Meanwhile the Americans had been reënforced by Captain Burgwin's company of cavalry, which had hastened up from Albuquerque and arrived at the town of Taos in the afternoon, and immediately marched to the pueblo.

The American troops were worn out with fatigue and exposure, and in most urgent need of rest; but their intrepid commander, desiring to give his opponents no more time to strengthen their works, and full of zeal and energy, if not of prudence, determined to commence an immediate attack.

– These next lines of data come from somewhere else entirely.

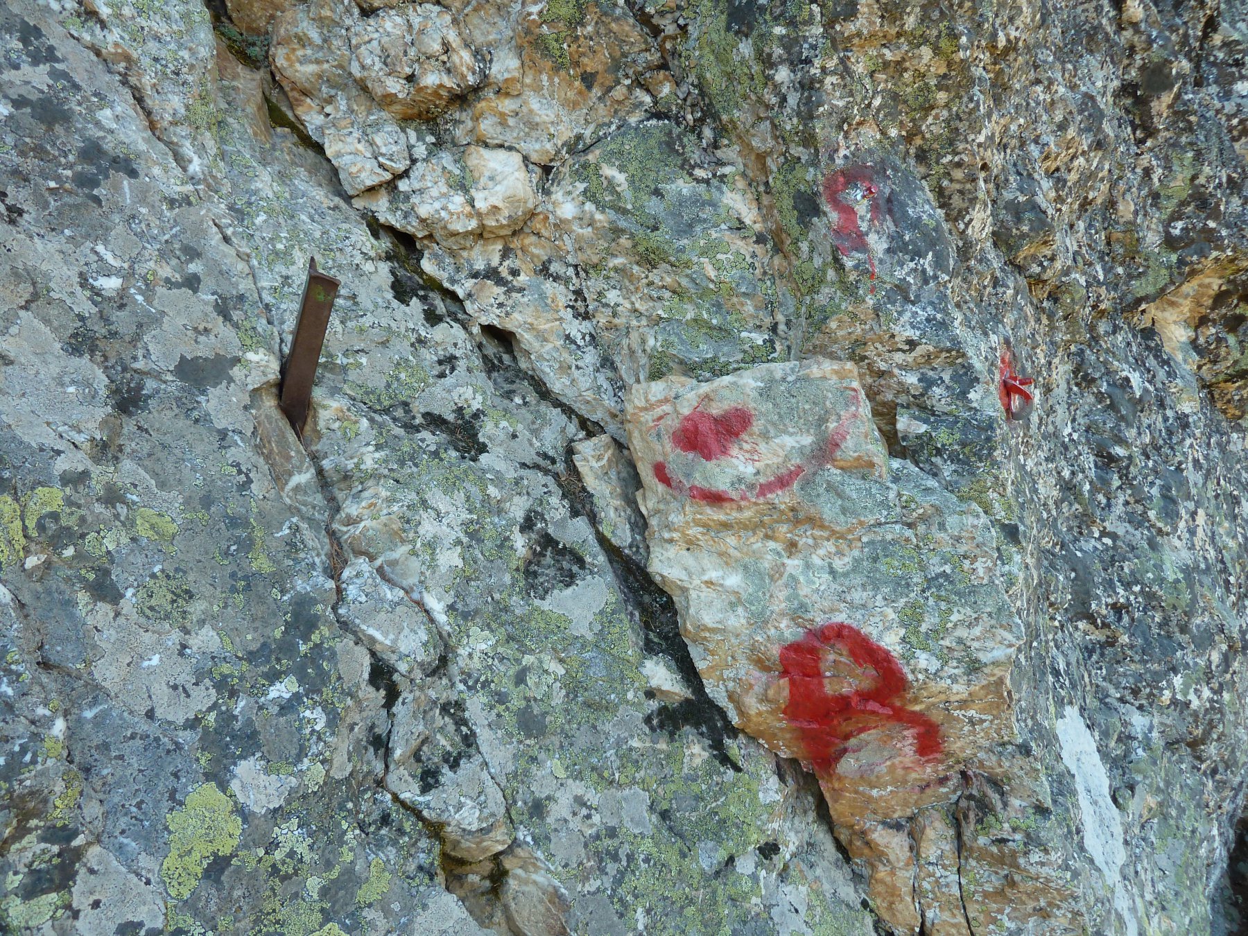 Terreno d’avventura o quasi, sono presenti molti bolli rossi lungo tutta la via (non ci si può perdere, sono addirittura segnati i massi dove posizionare le fettucce..direi un po’ eccessivo) attrezzatura della via: al momento direi un mix tra vecchio e nuovo: chiodi, barre di varia natura e utilizzo e qualche spit – n.b.gli spit sono stati in parte asportati in parte ribattuti non ne sono sopravvissuti molti. Si può integrare con frend medi.
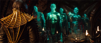 It is worth noting that Fuller reinforces this thematic connection through more than just the production design. T’Kuvma believes that he is the reincarnated form of Kahless the Unforgettable. Notably, the character is played by performer Chris Obi under layers of makeup. Obi had previously collaborated with Fuller on American Gods playing Annubis, the Egyptian god of death.
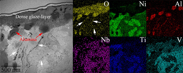 圖3.Ni50(AlNbTiV)50合金在800℃摩擦過程中形成耐磨損釉質(zhì)層
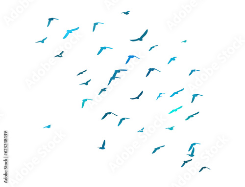 A flock of blue watercolor flying birds. Free birds abstraction Vector illustration
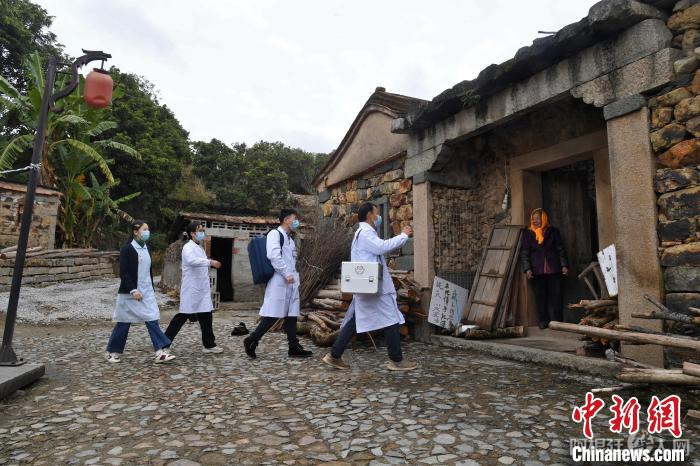 在泉港区涂岭镇樟脚村,区、镇、村三级医生开展定期入户巡诊活动,医生护士们携带便携式彩超仪等设备在前往村民的路上。洪坤泽摄
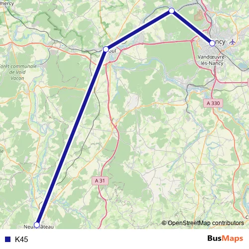 The first stop of the K45 bus route is Nancy and the last stop is Neufchâteau. K45 is operational during los fines de semana.
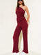 طقم من قطعتين بكتف واحد باللون العنابي
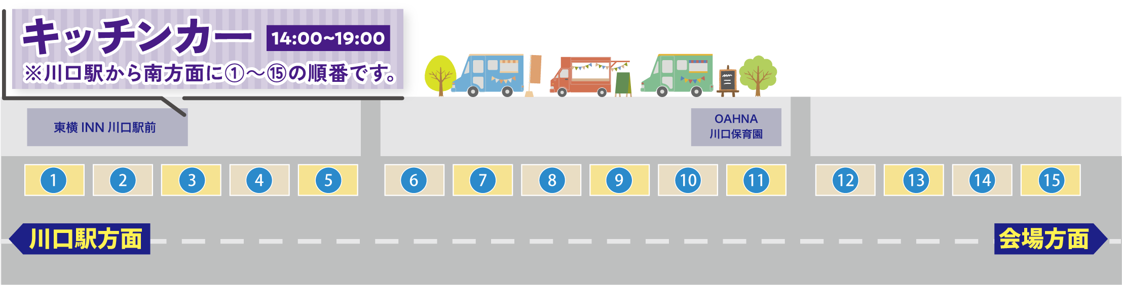 焼きそば・かき氷・冷凍みかん・チョコバナナ・からあげ・チュロス・串焼き・ドリンク
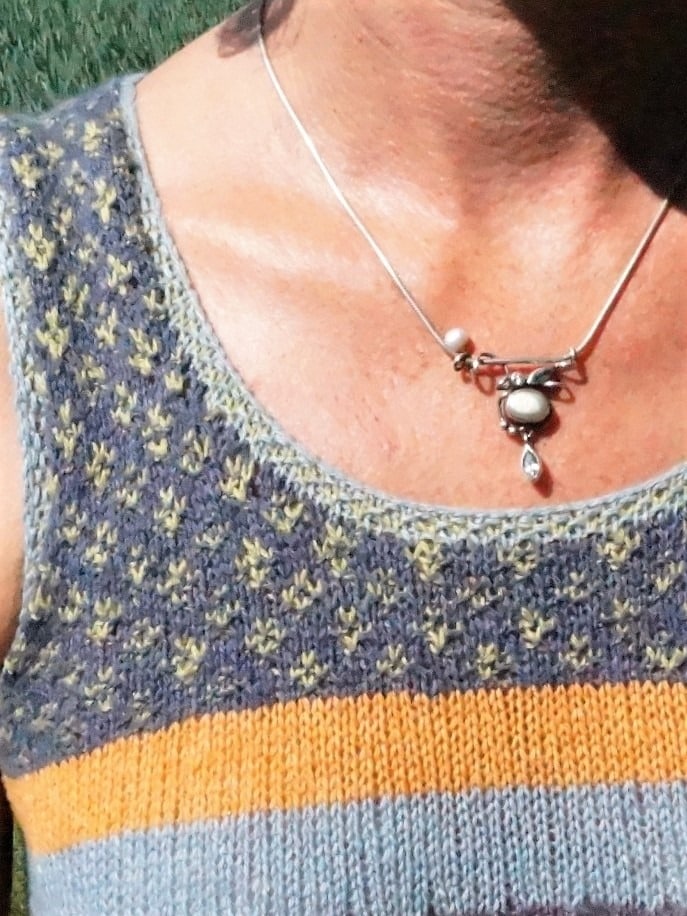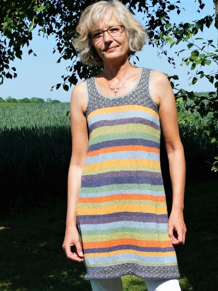 Tunika med stjerner i kant og på bærestykke. Kan strikkes i mange forskellige farver.

The two great buildings at this pueblo are well known from descriptions and engravings. Between these great buildings, each of which can accommodate a multitude of men, runs the clear water of the Taos Creek; and to the west of the northerly building stood the old church, with walls of adobe from three to seven and a half feet in thickness. The church was turned into a fortification, and was the point where the insurgents concentrated their strength; and against this Colonel Price directed his principal attack. The six-pounder and the howitzer were brought into position without delay, under the command of Lieutenant Dyer, and opened a fire on the thick adobe walls. But cannon balls made little impression on the massive banks of earth, in which they imbedded themselves without doing damage; and after a fire of two hours, the battery was withdrawn, and the troops allowed to return to the town of Taos for their much-needed rest.

Early the next morning, the troops advanced again to the pueblo, but found those within equally prepared.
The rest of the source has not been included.